Here, the function tally() simply counts the number of number rows in the data related to each student, reported in the column n which we rename to Frequency.Total with the rename() function. We could also count the number of events by event type for each student

events |>
  group_by(user, Action) |>
  count(Action)

4 Selecting variables

In the tidyverse paradigm, selecting columns, i.e., variables from data is done using the select() function. The select() function is very versatile, allowing the user to carry out selections ranging from simple selection of a single variable to highly complicated selections based on multiple criteria. The most basic selection selects only a single variable in the data based on its name. For example, we can select the employment statuses of students as follows

demographics |> 
  select(Employment)

Note that using select() with a single variable is not the same as using the $ symbol to select a variable, as the result is still a tibble, select() simply produces a subset of the data, where only the selected columns are present. Select is more similar to subset() in base R, which can accomplish similar tasks as select() and filter() in the tidyverse. However, we do not recommend using subset(), as it may not work correctly when the working environment has variables that have the same name as columns in the data, which can lead to undesired outcomes.

To extract the values of the selected column as a vector, we can use the function pull(). We use the head() function here to limit the console output to just the first few values of the vector (default is 6 values).

demographics |> 
  pull(Employment) |>
  head()
[1] "None"      "None"      "None"      "None"      "Part-time" "Part-time"

The select() function syntax supports several operations that are similar to base R. We can select ranges of consecutive variables using :, complements using !, and combine selections using c(). The following selections illustrate some of these features:

demographics |> 
  select(user:Origin)
demographics |> 
  select(!Gender)
demographics |> 
  select(c(user, Surname))

In the first selection, we select all variables starting from user on the left to Origin on the right. In the second, we select all variables except Gender. In the third, we select both user and Surname variables.

Sometimes, our selection might not be based directly on the variable names themselves as in the examples above but instead on vectors that contain the names of columns we wish to select. In such cases, we can use the function all_of(). We can consider the intersections or unions of such selections using & and |, respectively.

cols_a <- c("user", "Name", "Surname")
cols_b <- c("Surname", "Origin")
demographics |> 
  select(all_of(cols_a))
demographics |> 
  select(all_of(cols_a) & all_of(cols_b))
demographics |> 
  select(all_of(cols_a) | all_of(cols_b))
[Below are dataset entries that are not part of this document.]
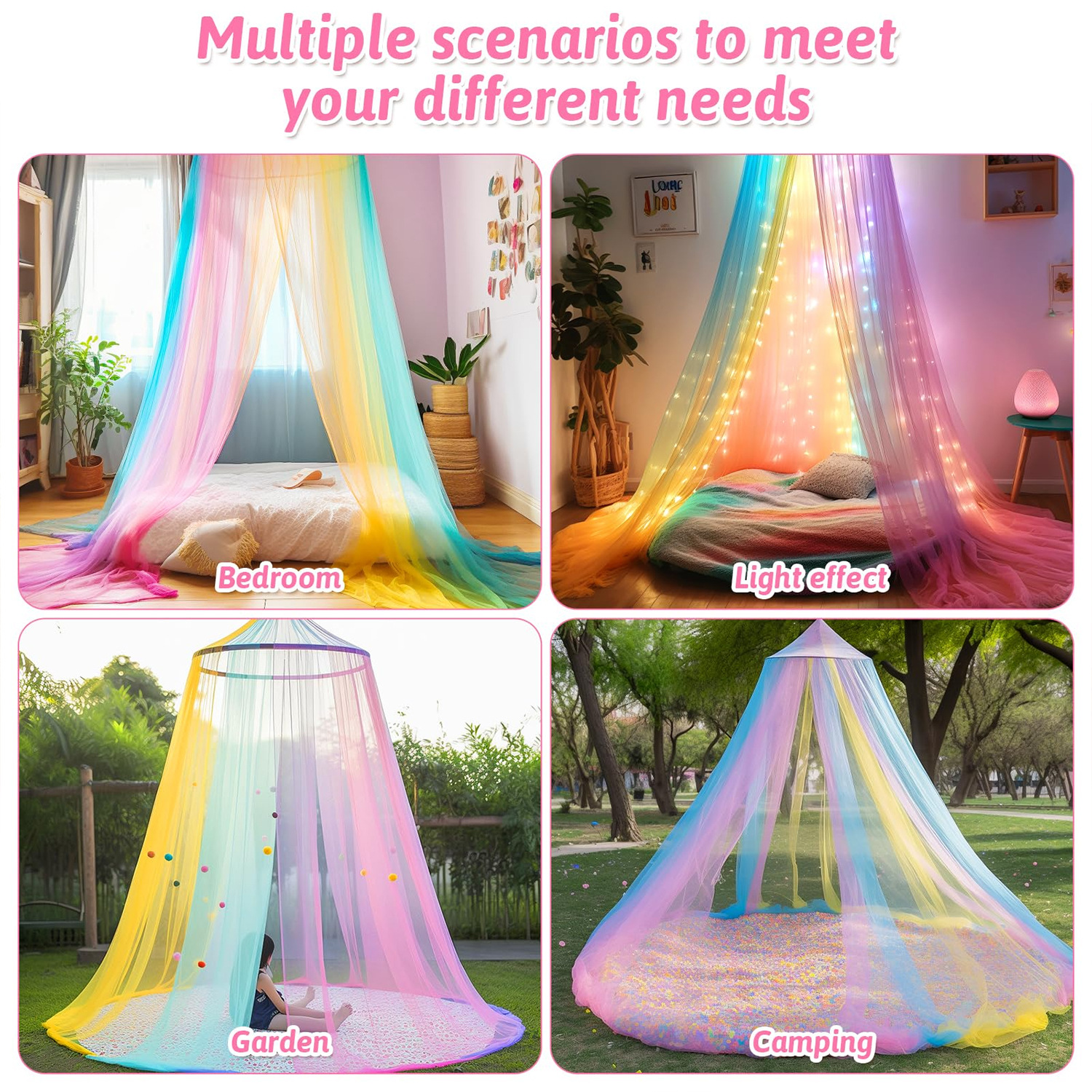 設置不要のドーム型カラフルプリンセス蚊帳 吊り下げプリンセス蚊帳 暗号化折りたたみ蚊帳 新型レインボー蚊帳 ダブルベッド
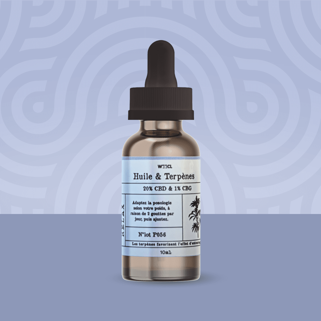 Huile Relax CBD 10ml 🌿 : CBD à spectre large + 1 % CBG, enrichie en terpènes naturels pour un effet détente sans THC. 🌸 Goût léger, base tournesol 🌻.
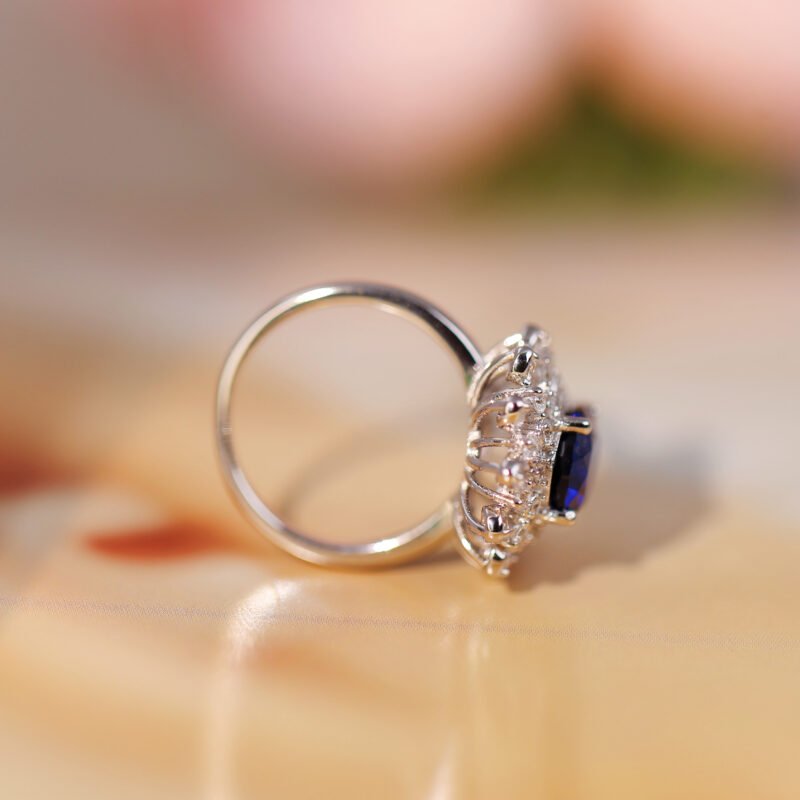 Oval Lab-Grown Sapphire Ring with Pear-Shaped Zirconia Sunflower Design – Rhodium Plated Geometric Aesthetic Ring
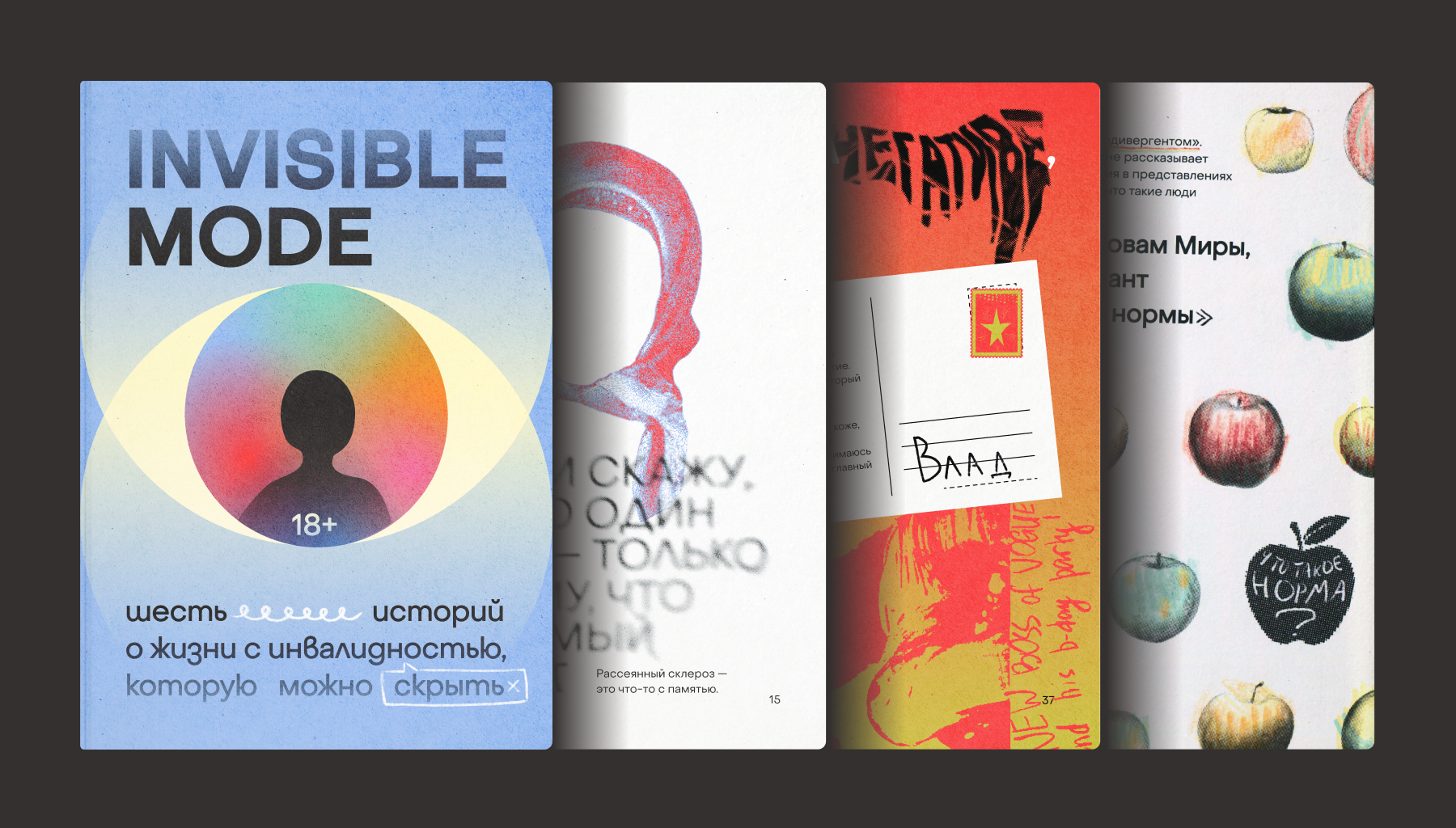 "Invisible Mode" - зин, разработанный выпускницами НИУ ВШЭ, который воплощает смелую и важную идею. Он представляет шесть историй о невидимой инвалидности, обычно скрытой от глаз и обсуждения в обществе. Герои, живущие с невидимыми заболеваниями (аутизм, диабет, рассеянный склероз и т.д.) поделились личными историями, открывая, как они принимают недуг, мечтают, ломают стереотипы. Этот проект призван начать разговор о невидимой инвалидности и сделать его доступным для всех.
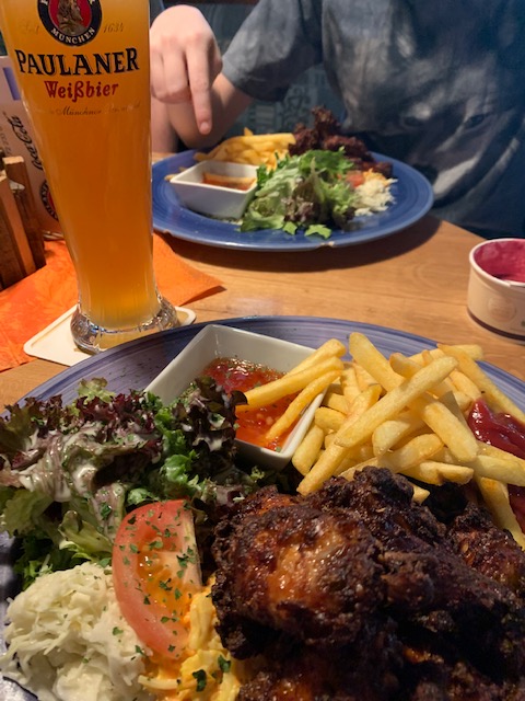 I am so happy I ordered the wings because they were the best chicken wings I have ever had. I don’t know if it was a fried then baked situation or twice fried (there was definitely a two-step process at play is all I’m saying) or what but they were delicious. Super crispy and juicy and extremely well seasoned. Katie, who does not particularly care for chicken wings agreed, they were damn good. I washed them down with a Paulaner beer, which is a particular favorite of mine made even better because I was in Germany.
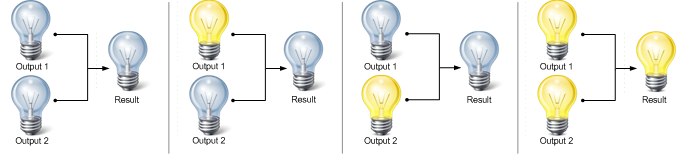 The Follow Logic AND programmable function performs a logical AND operation on output 1 and 2 with the controlled output changing state according to the result. The controlled output only turns on if both of the checked outputs are on. The controlled output turns off if either or both of the checked outputs are off. |
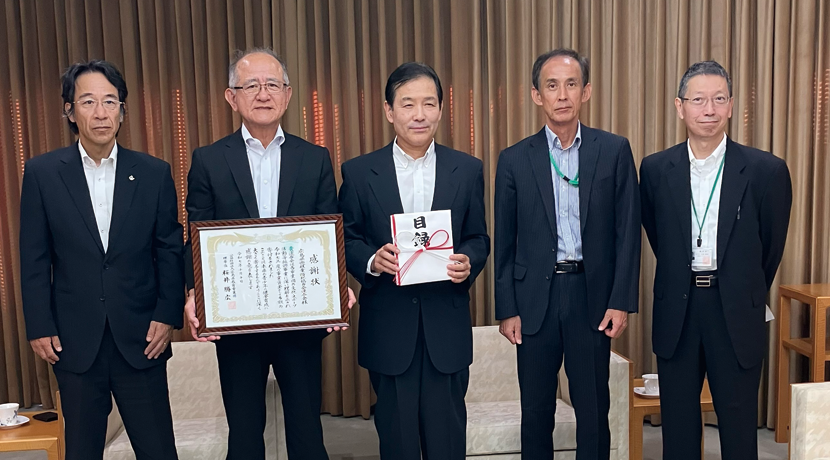 式典では、延川会長が教育事業団の桜井理事長に対し寄付目録(200万円)を手渡し、桜井理事長から感謝状が贈られた。
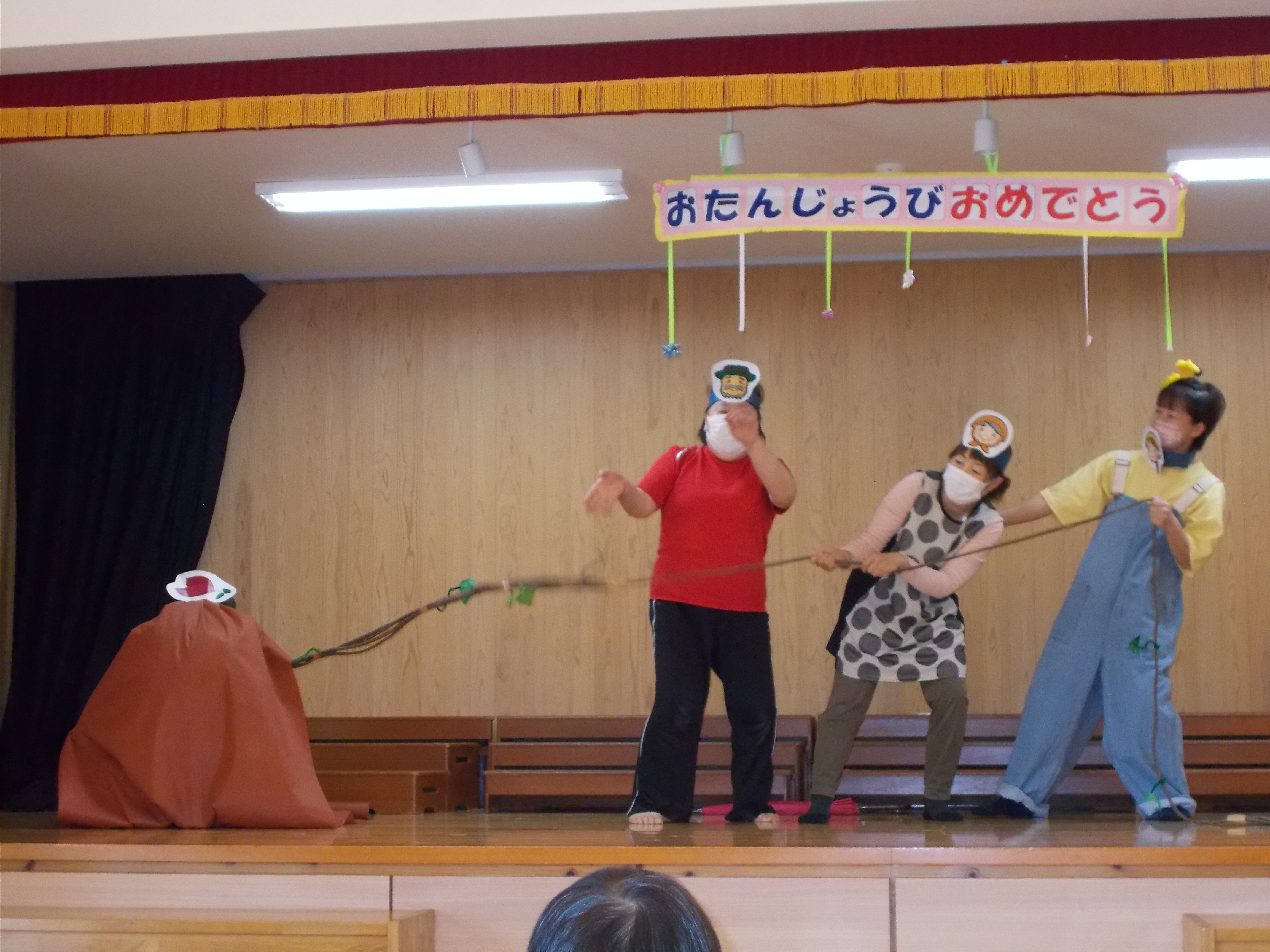 9月 誕生会 9月21日(水) 9月の誕生会でした。 9月の誕生者は、なんと10名! ステージの上は、とても賑やかでした。 職員の出し物は、『大きなお芋』の劇でした。皆で力を合わせてやっと抜けた大きなお芋のように力強く成長しますように。

Often the names of data variables follow a similar pattern, and these patterns can be used to construct selections. Selections based on a prefix or a suffix in the variable name can be carried out with the functions starts_with() and ends_with(), respectively. The function contains() is used to look for a specific substring in the names of the variables, and more complicated search patterns can be defined with the function matches() that uses regular expressions (see ?tidyselect::matches for further information).

results |> 
  select(starts_with("Grade"))
results |> 
  select(contains("Data"))

So far, our selections have been based on variable names, but other conditions for selection are also feasible. The general-purpose helper function where() is used to select those variables for which a function provided to it returns TRUE. For example, we could select only those columns that contain character type data or double type data.

results |> 
  select(where(is.character))
results |> 
  select(where(is.double))

5 Filtering observations

In contrast to selection which relates to obtaining a subset of the columns of the data, filtering refers to obtaining a subset of the rows. In the tidyverse, data filtering is carried out with the dplyr package function filter(), which should not be confused with the base R filter() function in the stats package. As we have attached the dplyr package, the base R filter() function is masked, meaning that when we write code that uses filter(), the dplyr version of the function will automatically be called.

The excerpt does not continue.